When conducting research about your customers, patients or products it’s usually impossible, or at least impractical, to collect data from all of the people or items that you are interested in. Instead, we take a sample (or subset) of the population of interest and learn what we can from that sample about the population.
There are lots of things that can affect how well our sample reflects the population and therefore how valid and reliable our conclusions will be. In this blog, we introduce some of the key concepts that should be considered when conducting a survey, including confidence levels and margins of error, power and effect sizes. (See the glossary below for some handy definitions of these terms.) Crucially, we’ll see that all of these are affected by how large a sample you take, i.e., the sample size.
Confidence and Margin of Error
Let’s start by considering an example where we simply want to estimate a characteristic of our population, and see the effect that our sample size has on how precise our estimate is.
The size of our sample dictates the amount of information we have and therefore, in part, determines our precision or level of confidence that we have in our sample estimates. An estimate always has an associated level of uncertainty, which depends upon the underlying variability of the data as well as the sample size. The more variable the population, the greater the uncertainty in our estimate. Similarly, the larger the sample size the more information we have and so our uncertainty reduces.
Suppose that we want to estimate the proportion of adults who own a smartphone in the UK. We could take a sample of 100 people and ask them. Note: it’s important to consider how the sample is selected to make sure that it is unbiased and representative of the population – we’ll blog on this topic another time.

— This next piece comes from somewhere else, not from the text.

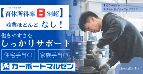 | 仕事の内容 | \\タイーヤマルゼン!タイヤマルゼン!ホイールマルゼン?// <<ホイールマルゼン!!!未経験大歓迎!!!>>【あなたの合いの手募集中】 あの有名CM「タイーヤマルゼン!タイヤマルゼン♪」でおなじみのカーポートマルゼンです。 【マジでチャンスです。】 未経験でも安心してスタートできる研修を用意しており、 クルマを「より安全に」「よりカッコよく」する技術をイチから学べます。 《未経験でも安心!》 「整備士の資格もない」「車イジリ経験ゼロ」でも全然大丈夫。 入社後3ヶ月のOJT研修で、工具の持ち方から作業の流れまでイチから教えます! 《働きやすい環境!》 賞与年2回、昇給1回あり!! モデル年収:年収450万円/20代(入社3年) 残業ほぼなし! → 仕事後も車いじりや趣味の時間に 年間休日125日 → 車だけじゃなくプライベートも楽しめます 産休・育休制度あり 福利厚生:リロクラブ → 映画・ホテルなどお得 資格取得支援制度&資格手当(1〜4万円/月) 《仕事内容》 お客様の愛車をもっと快適に、もっとカッコよく仕上げるお手伝いです。 ・タイヤ・ホイールの交換・取り付け ・サスペンション交換(車高調) ・作業の説明や簡単な接客 ・ピット内の安全管理・清掃 など 《キャリアパス》 希望に合わせたキャリアステップあり スペシャリストライン:技術を極めるピットの仙人コース マネジメントライン:チームをまとめるピットのボスコース 《関西圏以外にも支店展開中!》 大阪/東大阪/枚方/兵庫/埼玉 ※転居を伴う入社をされる方には引っ越し費用の一部を負担いたします! 新しい生活をスタートするなら 今が、【マジでチャンスです。】 この求人を最後まで読んでくれたそこのアナタ!応募をお待ちしています! |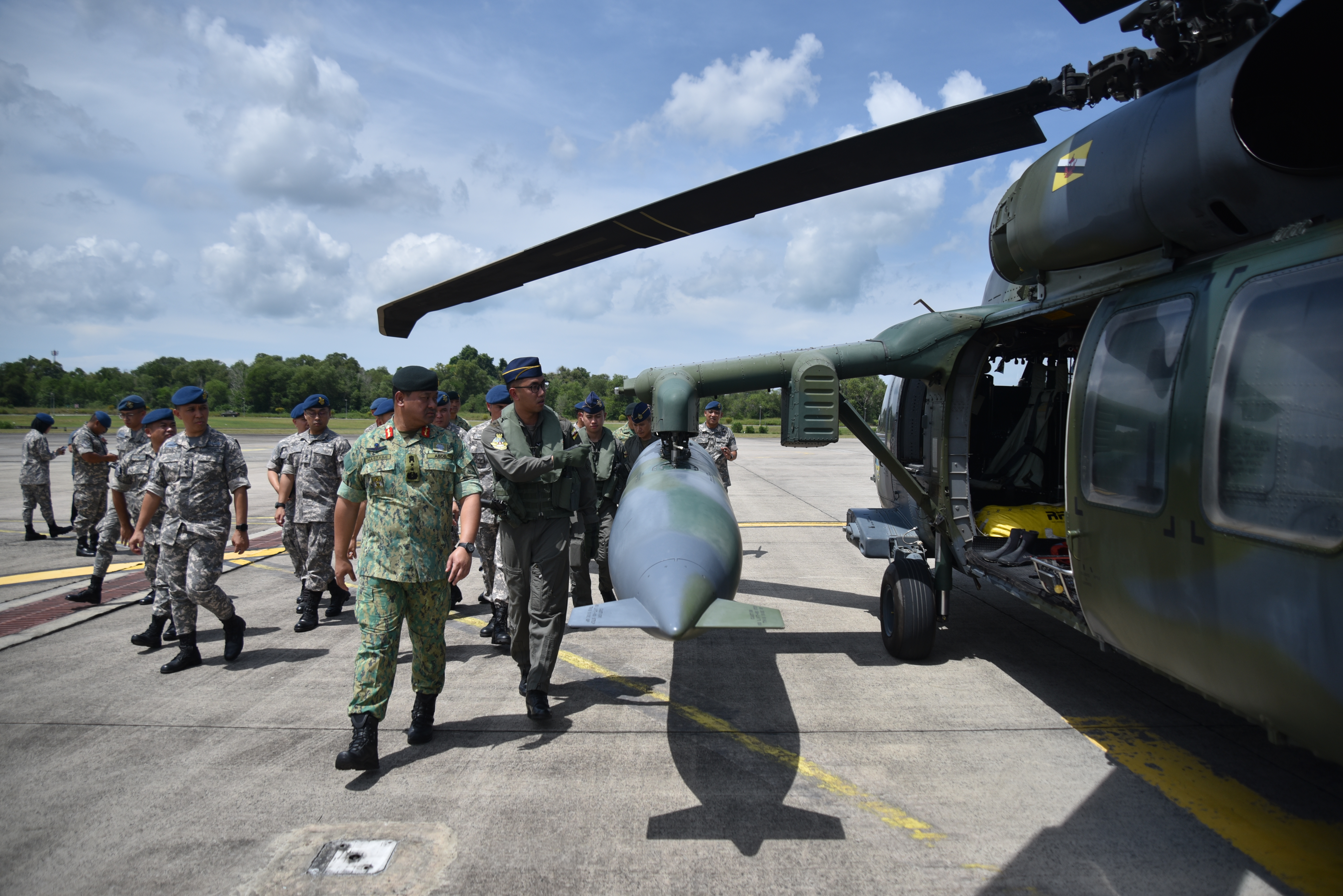 Blackhawk S-70i dalam konfigurasi yang berbeza untuk misi operasi yang pelbagai. Beliau juga diberi taklimat mengenai kemas kini kesediaan operasi, kelayakan dan keupayaan kru udara. Lawatan diteruskan ke tapak projek Kompleks Pertahanan Udara baharu bagi Cawangan No. 2.

The larger the sample size the more information we have and so our uncertainty reduces.
If 59 out of the 100 people own a smartphone, we estimate that the proportion in the UK is 59/100=59%. We can also construct an interval around this point estimate to express our uncertainty in it, i.e., our margin of error. For example, a 95% confidence interval for our estimate based on our sample of size 100 ranges from 49.36% to 68.64% (which can be calculated using our free online calculator). Alternatively, we can express this interval by saying that our estimate is 59% with a margin of error of ±9.64%. This is a 95% confidence interval, which means that there is 95% probability that this interval contains the true proportion. In other words, if we were to collect 100 different samples from the population the true proportion would fall within this interval approximately 95 out of 100 times.
What would happen if we were to increase our sample size by going out and asking more people?
Suppose we ask another 900 people and find that, overall, 590 out of the 1000 people own a smartphone. Our estimate of the prevalence in the whole population is again 590/1000=59%. However, our confidence interval for the estimate has now narrowed considerably to 55.95% to 62.05%, a margin of error of ±3.05% – see Figure 1 below. Because we have more data and therefore more information, our estimate is more precise.
As our sample size increases, the confidence in our estimate increases, our uncertainty decreases and we have greater precision. This is clearly demonstrated by the narrowing of the confidence intervals in the figure above. If we took this to the limit and sampled our whole population of interest then we would obtain the true value that we are trying to estimate – the actual proportion of adults who own a smartphone in the UK and we would have no uncertainty in our estimate.
Power and Effect Size
Increasing our sample size can also give us greater power to detect differences. Suppose in the example above that we were also interested in whether there is a difference in the proportion of men and women who own a smartphone.
We can estimate the sample proportions for men and women separately and then calculate the difference. When we sampled 100 people originally, suppose that these were made up of 50 men and 50 women, 25 and 34 of whom own a smartphone, respectively. So, the proportion of men and women owning smartphones in our sample is 25/50=50% and 34/50=68%, with less men than women owning a smartphone. The difference between these two proportions is known as the observed effect size. In this case, we observe that the gender effect is to reduce the proportion by 18% for men relative to women.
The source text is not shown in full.